■ **TASK DESCRIPTION**
The material below holds pictures, which are to be left out; copy exactly the lines from the one with "棉仓356811004-宽松棉锦肌理立领分割夹克" through the one with "Прогноз магнитных бурь".

■ **INPUT RECORDS**
___

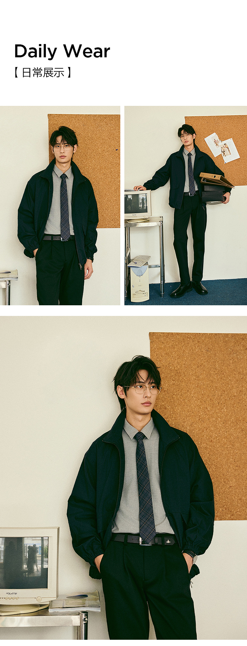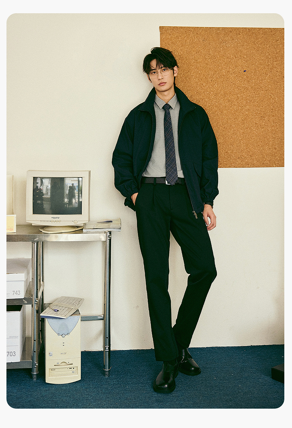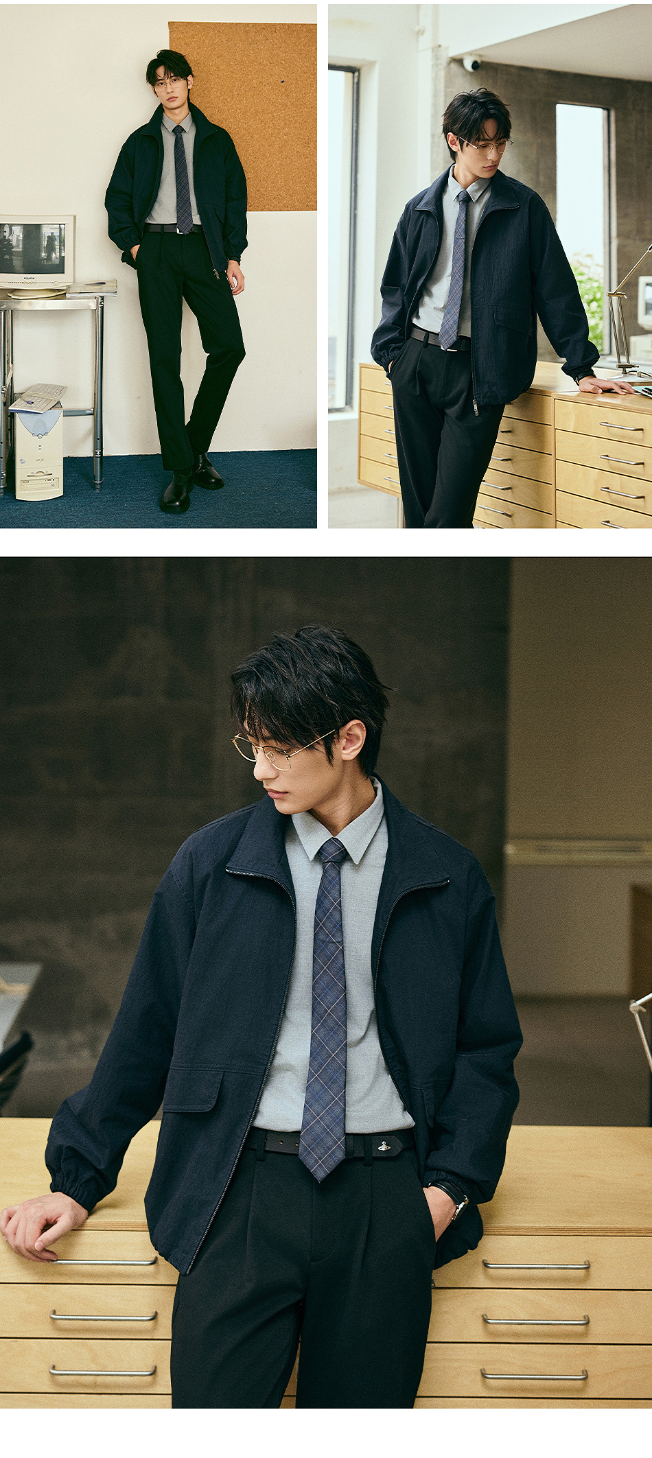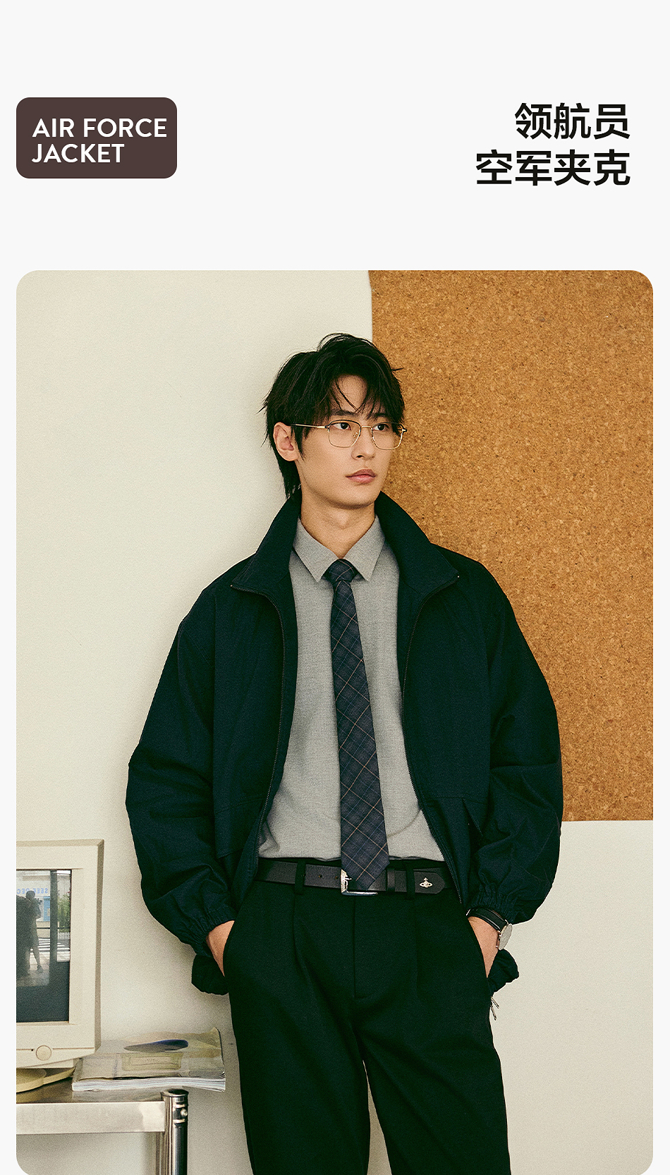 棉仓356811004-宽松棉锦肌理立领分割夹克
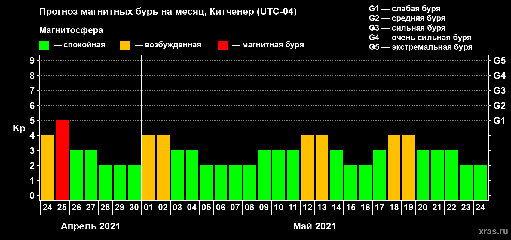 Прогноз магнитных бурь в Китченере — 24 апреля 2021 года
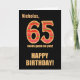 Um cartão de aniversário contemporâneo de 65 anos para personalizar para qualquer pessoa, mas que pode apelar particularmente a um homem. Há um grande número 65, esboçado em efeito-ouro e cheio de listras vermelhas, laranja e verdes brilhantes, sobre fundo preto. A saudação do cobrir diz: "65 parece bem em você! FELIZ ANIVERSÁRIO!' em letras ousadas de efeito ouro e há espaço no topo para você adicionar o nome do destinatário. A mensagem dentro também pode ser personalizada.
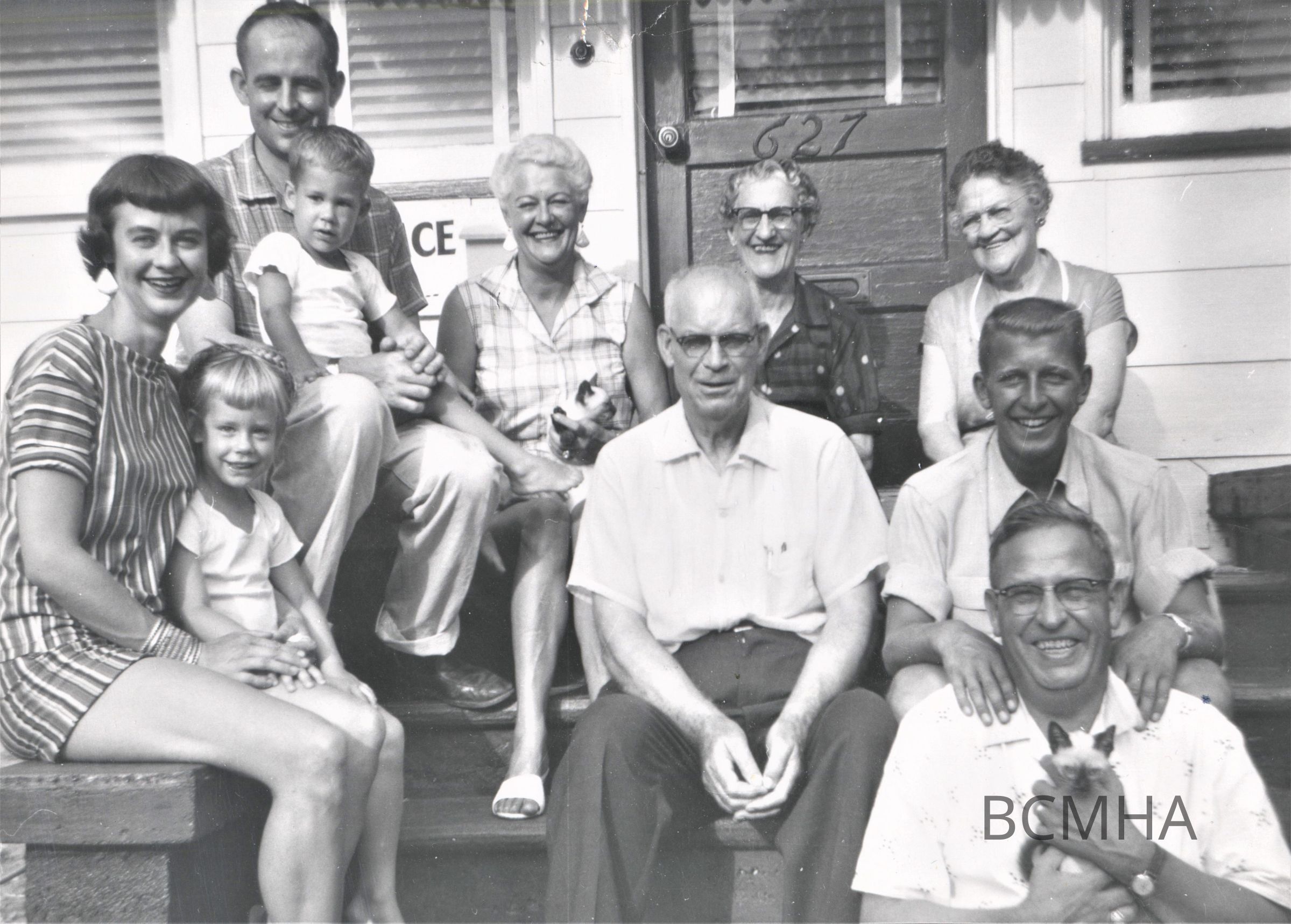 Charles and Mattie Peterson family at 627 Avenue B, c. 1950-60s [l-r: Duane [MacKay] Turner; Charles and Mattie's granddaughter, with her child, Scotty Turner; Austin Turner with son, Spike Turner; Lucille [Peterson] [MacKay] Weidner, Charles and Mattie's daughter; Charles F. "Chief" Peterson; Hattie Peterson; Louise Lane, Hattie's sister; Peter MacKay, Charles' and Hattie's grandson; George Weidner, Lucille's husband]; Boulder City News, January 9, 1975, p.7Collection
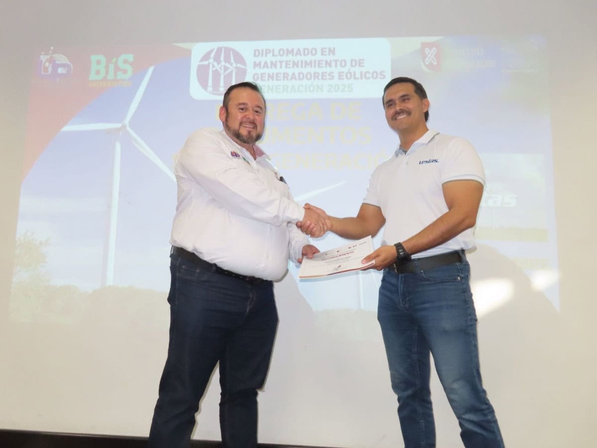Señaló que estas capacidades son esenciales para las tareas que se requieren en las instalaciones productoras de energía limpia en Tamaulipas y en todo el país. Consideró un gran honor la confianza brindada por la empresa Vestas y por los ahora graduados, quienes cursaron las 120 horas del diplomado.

___

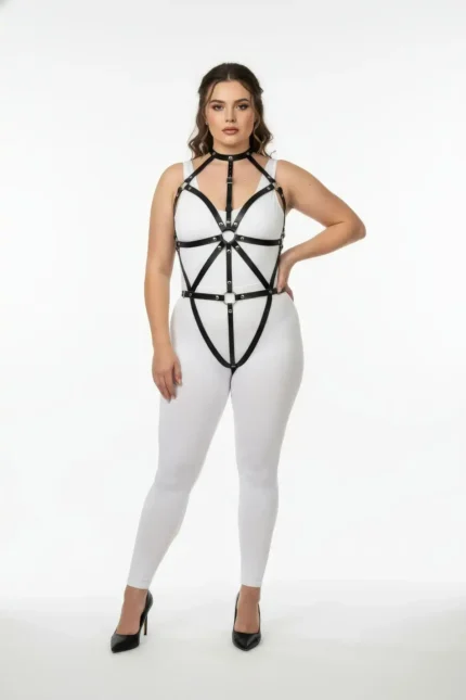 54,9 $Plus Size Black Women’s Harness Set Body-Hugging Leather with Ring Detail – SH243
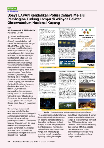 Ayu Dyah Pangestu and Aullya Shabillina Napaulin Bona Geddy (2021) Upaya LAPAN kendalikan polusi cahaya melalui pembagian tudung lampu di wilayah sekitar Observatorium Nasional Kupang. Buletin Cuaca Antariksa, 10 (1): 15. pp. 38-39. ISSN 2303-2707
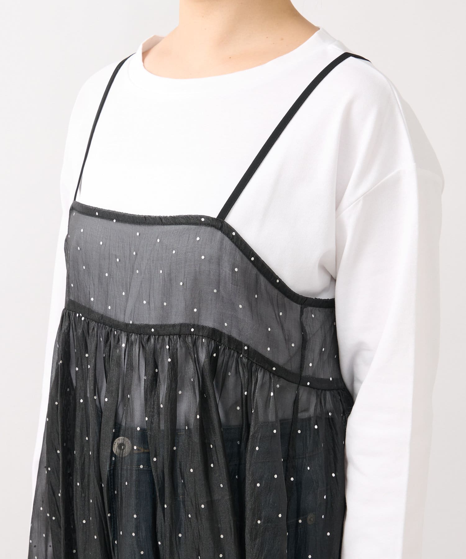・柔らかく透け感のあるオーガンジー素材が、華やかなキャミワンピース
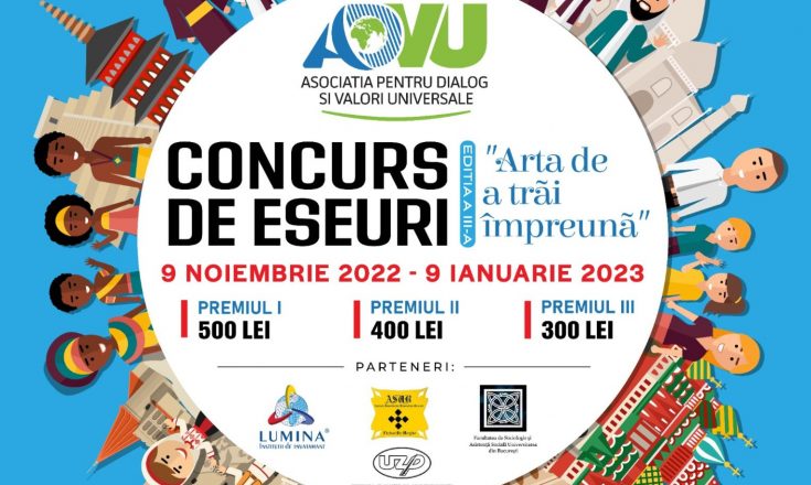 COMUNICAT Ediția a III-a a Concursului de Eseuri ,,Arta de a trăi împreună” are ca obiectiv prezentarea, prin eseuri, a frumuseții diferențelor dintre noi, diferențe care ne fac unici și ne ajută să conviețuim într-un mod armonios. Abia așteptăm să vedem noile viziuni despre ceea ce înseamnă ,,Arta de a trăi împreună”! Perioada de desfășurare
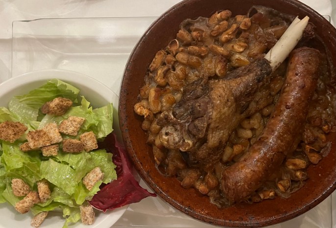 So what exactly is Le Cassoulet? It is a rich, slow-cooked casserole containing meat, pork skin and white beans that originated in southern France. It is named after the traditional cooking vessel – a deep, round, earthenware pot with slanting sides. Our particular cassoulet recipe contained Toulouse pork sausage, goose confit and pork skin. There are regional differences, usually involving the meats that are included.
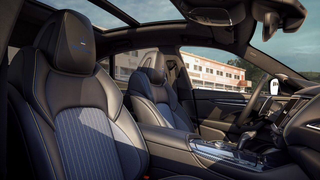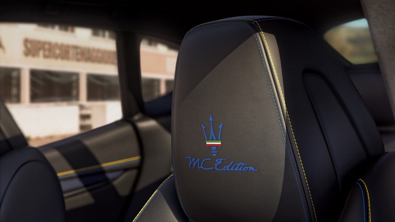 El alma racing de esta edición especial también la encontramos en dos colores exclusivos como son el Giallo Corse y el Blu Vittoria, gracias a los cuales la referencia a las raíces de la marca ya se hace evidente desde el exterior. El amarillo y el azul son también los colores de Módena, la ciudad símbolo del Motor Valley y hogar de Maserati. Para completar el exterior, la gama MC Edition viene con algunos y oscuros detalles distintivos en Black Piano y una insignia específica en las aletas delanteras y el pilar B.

___

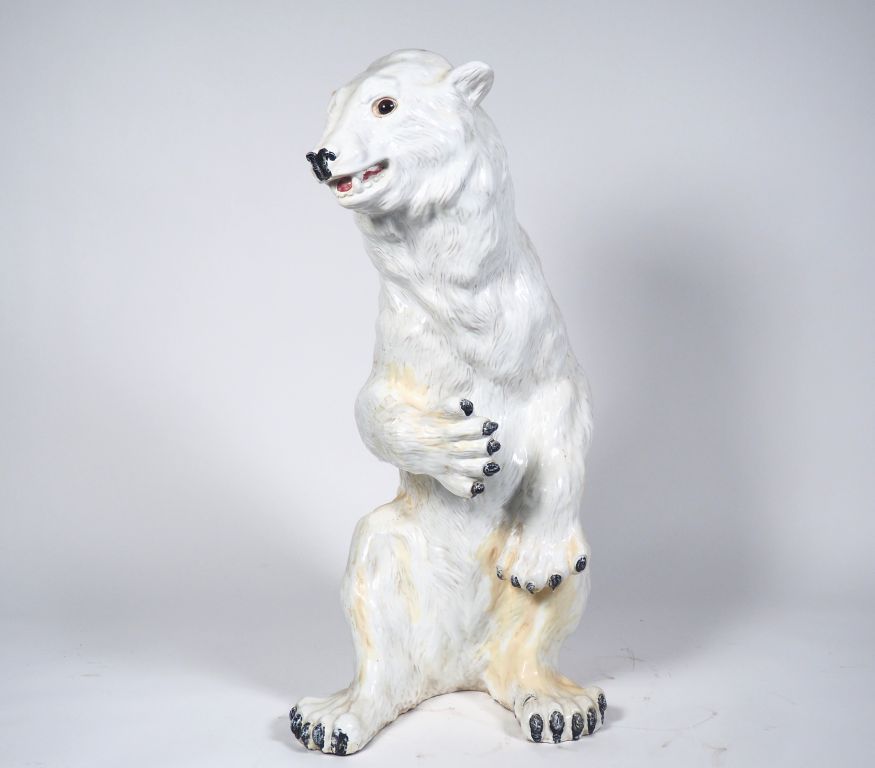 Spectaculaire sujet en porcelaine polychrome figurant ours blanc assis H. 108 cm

___

■ **ANSWER SECTION**
 棉仓356811004-宽松棉锦肌理立领分割夹克
 Прогноз магнитных бурь в Китченере — 24 апреля 2021 года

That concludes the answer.